Project Documents – Site Lease

In a third party ownership structure, a third party owns the system. Depending on whether the meter is in the name of the property owner or building operator(s), that party (the “Off-Taker”) will purchase the power from the system owner or power provider (the “Provider”) via a power purchase agreement. When the Off-Taker is a party separate from the building owner, the building owner (the “Host”) will enter into a site lease with the Provider granting the Provider the necessary right of entry to construct, operate and maintain the solar generation system on site. If the Host and the Off-Taker are one and the same, then the relevant terms of the site lease can be addressed in the power purchase agreement.

In a third party system ownership, the Provider builds and owns the system and enjoys the benefits, including (a) the proceeds from the sale of the electricity (which presumably will be sold to the Off-Taker at a rate less then the rate of the local utility company or the project would not be approved by the Host and Off-Taker), (b) ownership of all environmental attributes, such as renewable energy certificates or credits or feed-in tariffs, (c) the federal tax credit or (depending on the date that work on the project commenced) the federal cash grant, and (d) depreciation benefits. The Host avoids responsibility of ownership, including (a) up front capital cost of construction, (b) on-going operation and maintenance responsibility, and (c) added insurance costs to cover the system and production down-time resulting from a fire or other insured casualty. The benefit for the Host of this structure is that it can entice tenants to its building by having available less expensive electricity while at the same time, depending on the structure, receiving a roof rent or a new roof, or some combination thereof. This structure is one available structure for a Host that cannot take advantage of the federal investment tax credit because it is a not-for-profit entity or a non-taxpaying entity.

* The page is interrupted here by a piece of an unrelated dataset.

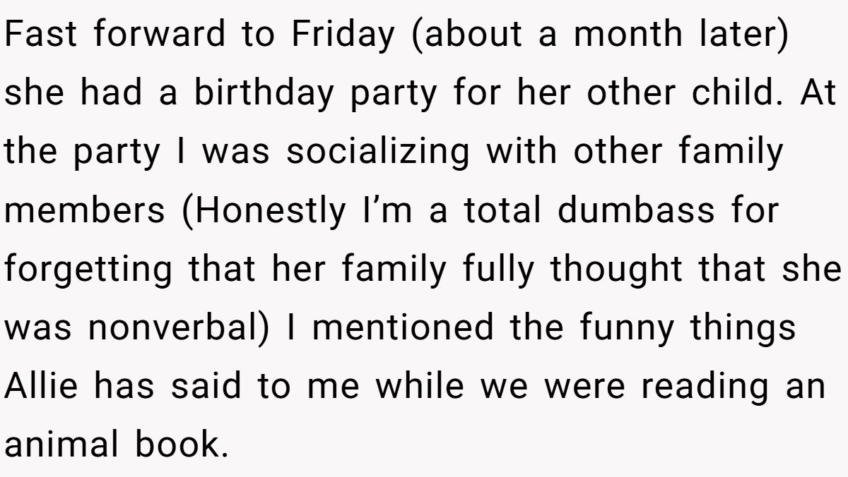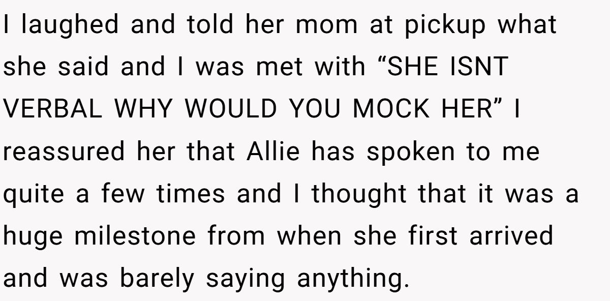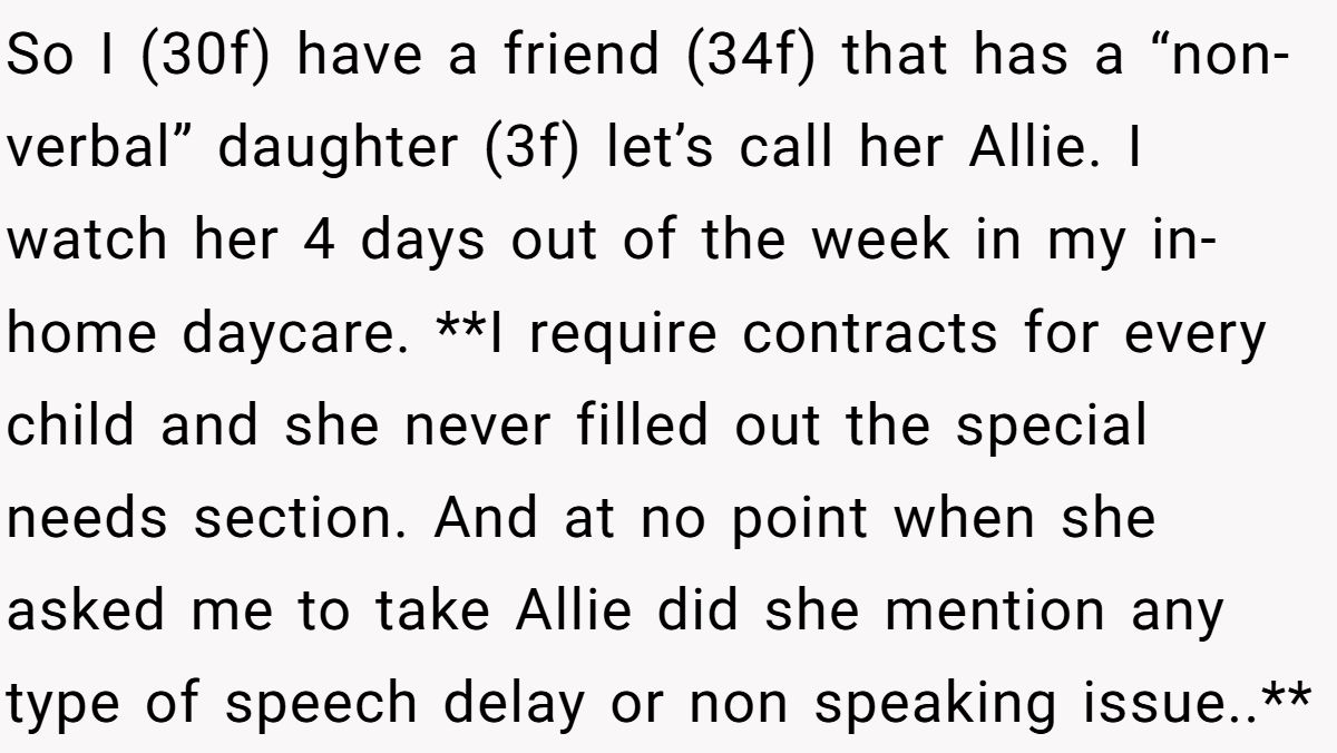 Reddit user u/obviouslytraumatized (30F) runs an in-home daycare where one of her clients, a 3-year-old girl named Allie, attends four days a week. Allie’s mom told everyone—including her—that Allie was nonverbal. But in a twist worthy of a parenting podcast, OP had a voice recording of Allie casually chatting about animals and making jokes. When she played it to defend herself at a party, the mom didn’t cheer—she erupted.

In a third party ownership structure, the Provider selects the contract installer and enters into the EPC Agreement; however, it is not uncommon that the contract installer first establishes a relationship with the Host, and actually secures the site and then brings the deal to a pool of investors that it works with to move the deal forward. This structure has increased in popularity, particularly with the demise of the federal cash grant.27

The determination to construct and own versus a third party ownership structure turns on a number of factors, including, whether the property owner is a taxpaying entity with a tax credit appetite, and the balance between the interest in energy efficiency versus the cost, after accounting for rate of return and factoring in available federal and state incentives and the local cost of electricity. When the scale tips in favor of third party ownership, then the balancing shifts to the interest of the Provider in access to the building for construction, operation and maintenance purposes, the ability of the Provider to finance the project, the requirement for a purchaser of all of the generated power and the ability to maximize the monetization of all available environmental attributes. That interest must in turn be balanced against the Host’s interest in preserving the financability of its real estate, the desire to only grant rights to the Provider that are necessary for it to satisfy its interests without any greater real estate interest, the continuing ability to access its roof (in the case of a rooftop project) and undertake any required roof maintenance without added cost, the ability to efficiently and effectively operate its primary business – real estate leasing, and the ability to offer its tenants less expensive electric power.

When structuring a site lease for a solar project, all of the traditional real estate leasing issues are as relevant to a site lease for a solar project as they are to any other tenancy. In addition, make sure that the mortgage lender agrees with the concept of a solar project and site lease as well as the related inter-creditor arrangements required for a solar project, which is discussed below in the section titled “Relationship Between Property Owner, System Owner, Mortgage Lender and System Lender.”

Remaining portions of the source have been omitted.